Writing Simple Functions in R: Why and How
The R language allows the user to create objects of mode function. These are true R functions that are stored in a special internal form and may be used in further expressions and so on. In the process, the language gains enormously in power, convenience and elegance, and learning to write useful functions is one of the main ways to make your use of R comfortable and productive.
It should be emphasized that most of the functions supplied as part of the R system, such as mean()
, var()
, dim()
and so on, are themselves written in R and thus do not differ materially from user written functions.
A function is defined by an assignment of the form
> name <- function(arg_1, arg_2, ...) expression
The expression is an R expression, (usually a grouped expression), that uses the arguments, arg_i, to calculate some value. The value of the expression is the value returned by the function.

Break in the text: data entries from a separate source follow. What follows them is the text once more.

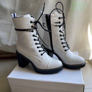 Up for sale are new with tags white lace-up heeled women boots by Catwalk (German brand "Deichmann", imported) in size 6. Have never been worn, come with tags and original box. High quality man-made materials (both inside and upper). Approximate measurements: 3.5" heel, total length from top to bottom is 9.5". True to size.
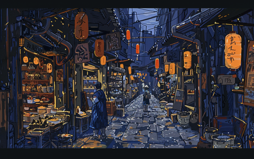 In the style of studio ghibli, a busy city market with someone purchasing from a merchant. Dark with blue tones and orange highlights. Hopeful but post apocyliptic --ar 8:5
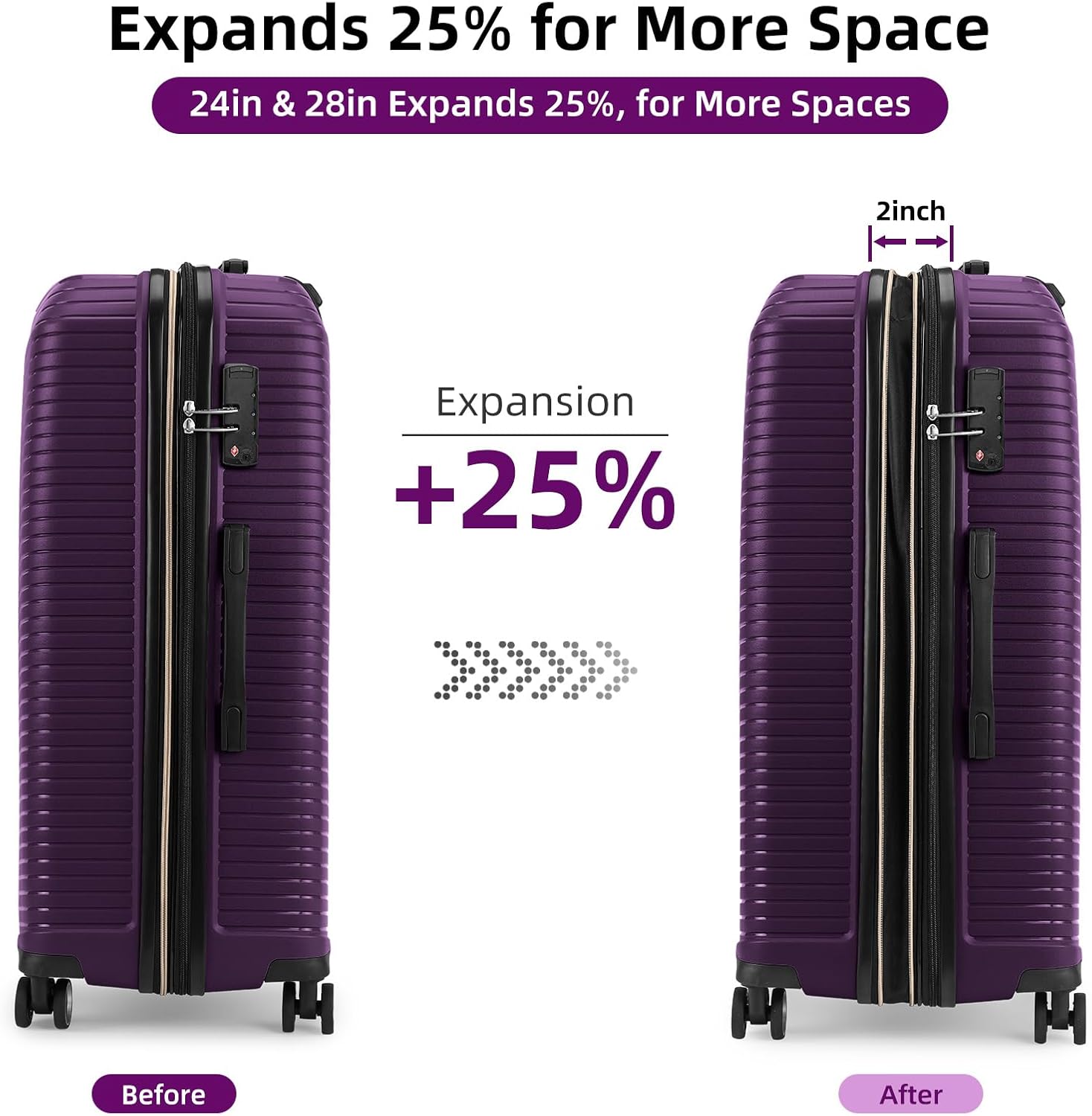 - 5 Piece Luggage Sets: 28inch, 24inch (ONLY 28inch and 24inch are expandable, adding 25% space capacity for hardshell luggage),18inch, 20inch and 24inch luggage is perfect for business and personal travel, 14inch suitcase can store can store toothbrush,wallet,makeups,etc
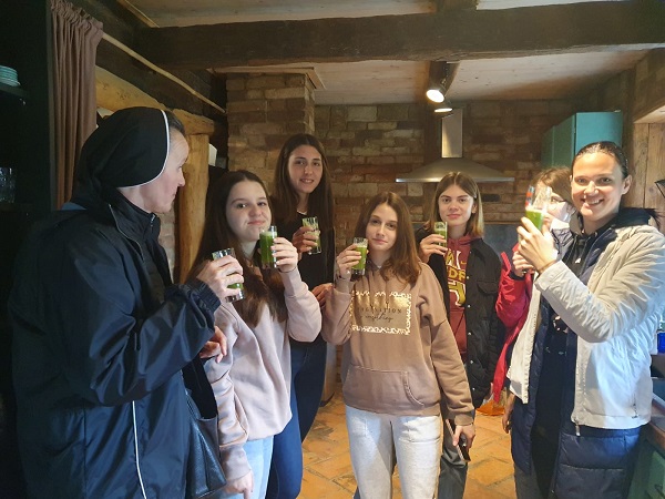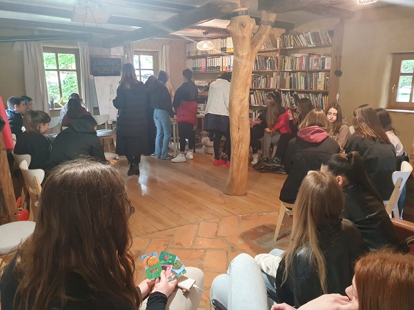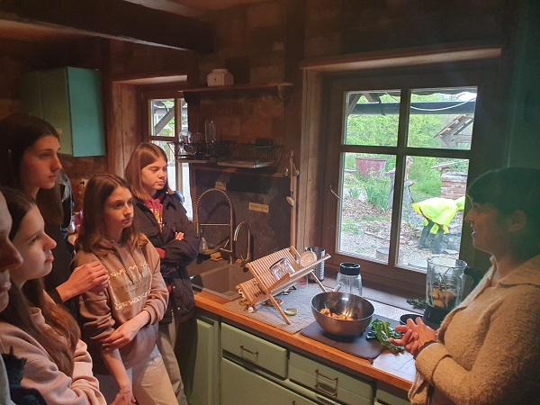 Nakon kratkog razgledavanja počeli smo s prvom radionicom koju je održavala Matea, predsjednica njihove udruge. Ona nas je upoznala s pojmovima o kratkim lancima opskrbe i lokalnim proizvodima. Došao je red na nas koji smo s dobivenim karticama trebali osmisliti cjelovite obroke. Htjela nam je pokazati primjer zdravog obroka, ali zbog nezgode s blenderom probali smo neuspjelu verziju „zelenog smoothiea“.
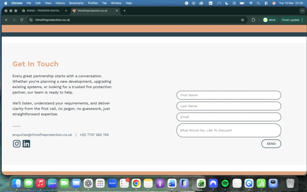 Following the launch of the website, Rhino Fire Protection now benefits from a professional online presence that clearly communicates its services and supports enquiries.
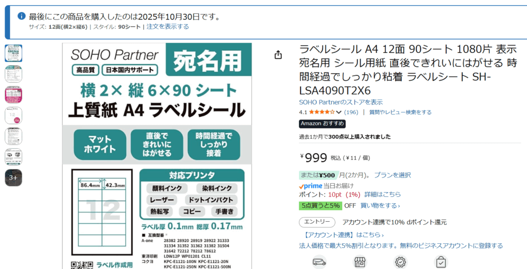 変更文字列を考慮して印刷する方法をバリアブル印刷と呼ぶのですが、これまた単価が高かったので、以下のA4シール紙を購入して印刷することにしました。
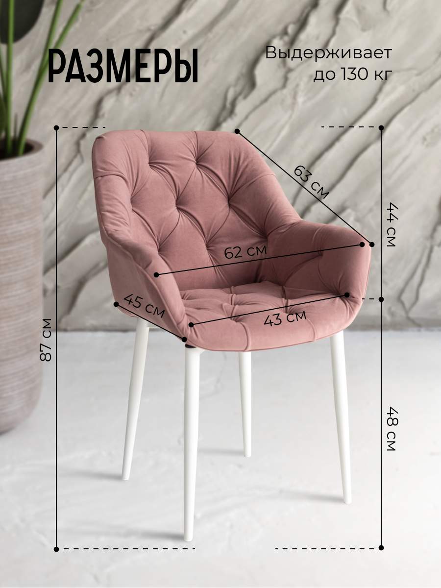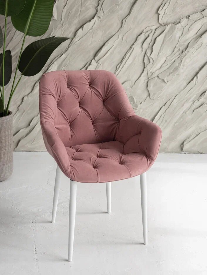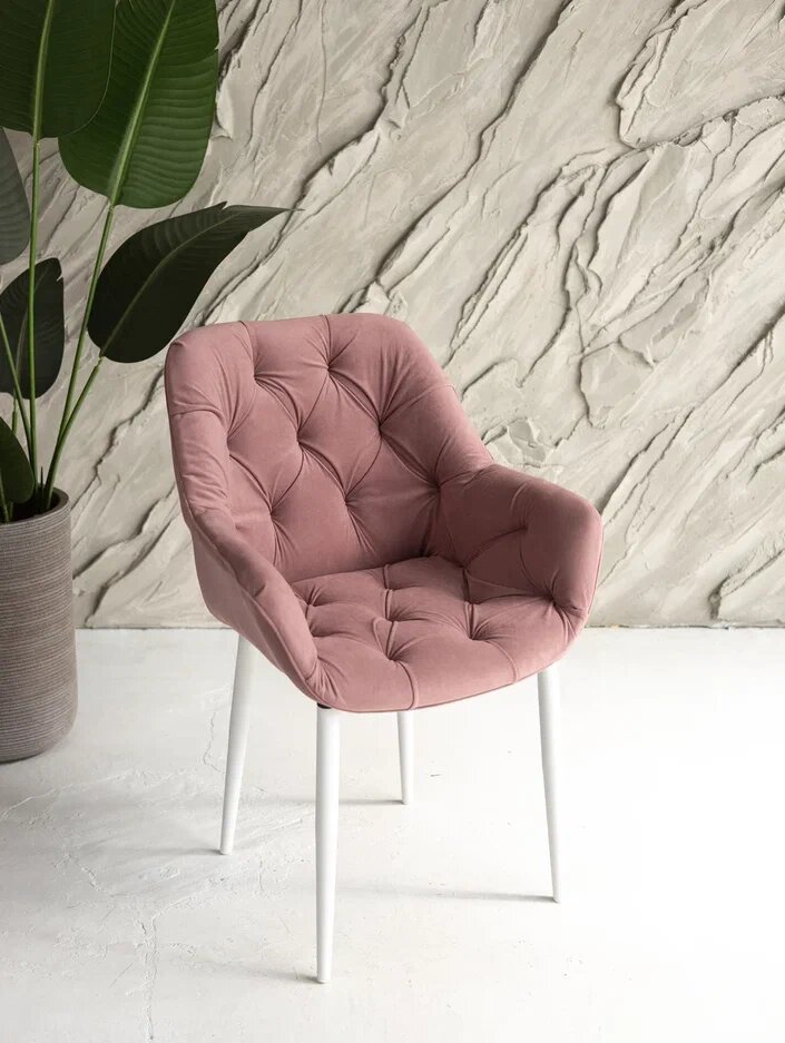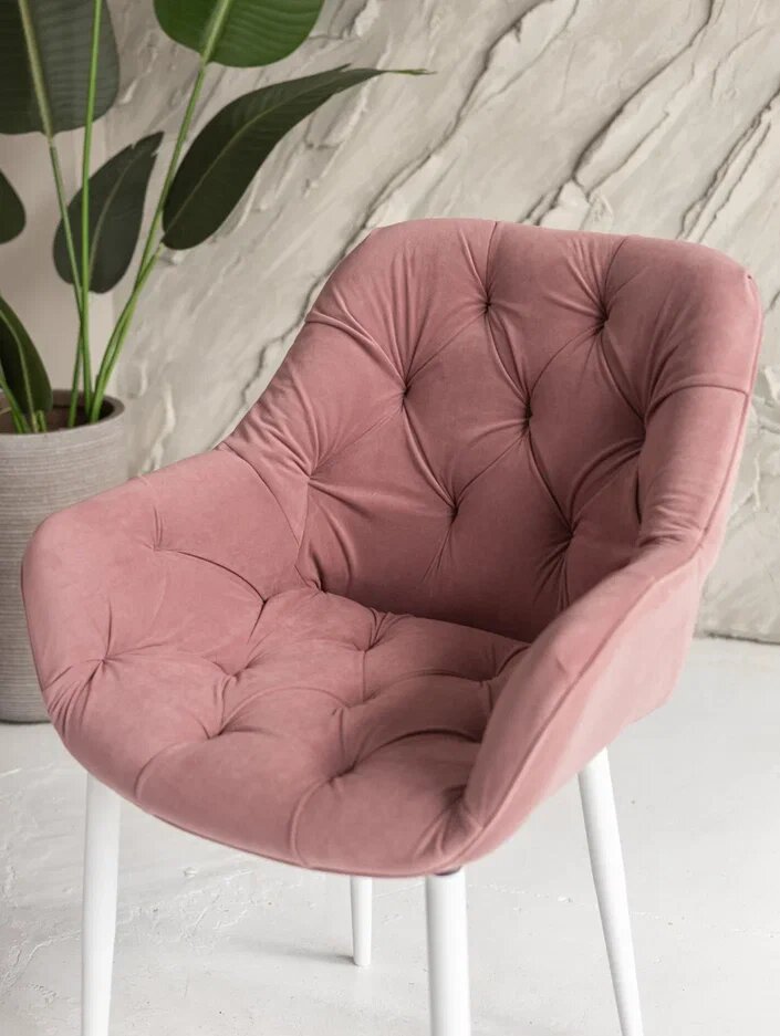 Стул для кухни мягкий розовый кресло со спинкой и подлокотниками интерьерный VVdom

A call to the function then usually takes the form name(
expr_1,
expr_2, ...)
and may occur anywhere a function call is legitimate.
Simple Functions
As a first example, consider a function to calculate a one-sample t-statistic to test the null hypothesis that in the height and weight data set, the mean population weight is "x" lb, where "x" can be specified by the user. This is an artificial example, of course, since there are other, simpler ways of achieving the same end (we'll do this next class).
> onesam <- function(y1, x) {
n1 <- length(y1) ##sample size
yb1 <- mean(y1) ##mean of y1
s1 <- var(y1) ##variance of y1
tstat <- (yb1 - x)/sqrt(s1/n1)
##computing t-statistic = (mean-x)/SE
tstat
}
With this function defined, you could perform one-sample t-tests using a call such as
> t.statistic <- onesam(htwtdata$weight, 130); t.statistic
To check whether this function works, compare it to running the actual t-test function inbuilt in R:
> t.test(htwtdata$weight-130)
A function can be called within a loop, or can be applied to elements of a vector or matrix at once, making R very powerful to use. We will continue looking at similar examples throughout the course.
Another example:
min.max.range <- function(x){
minimum<- min(x)
r <- max(x) - min(x)
maximum <- max(x)
print(minimum)
print(maximum)
print(r)
}
vec.1<- c(10, 20, 50)
min.max.range(vec.1)
[1] 10
[1] 50
[1] 40
Write a function called summarystat, which returns the mean, median,and standard deviation of a set of numbers. |
Summary
- Review of matrix/dataframe operations
- if statements, ifelse(), loops
- Conditional indexing
- Merging & sorting dataframes (not on homework)
- Creating functions
Reading
- VS. Chapter 8.1, 8.2, 9 and 10
Assignment
- Homework 2 due, Homework 3 assigned. (With extra credit for those interested in simulation.)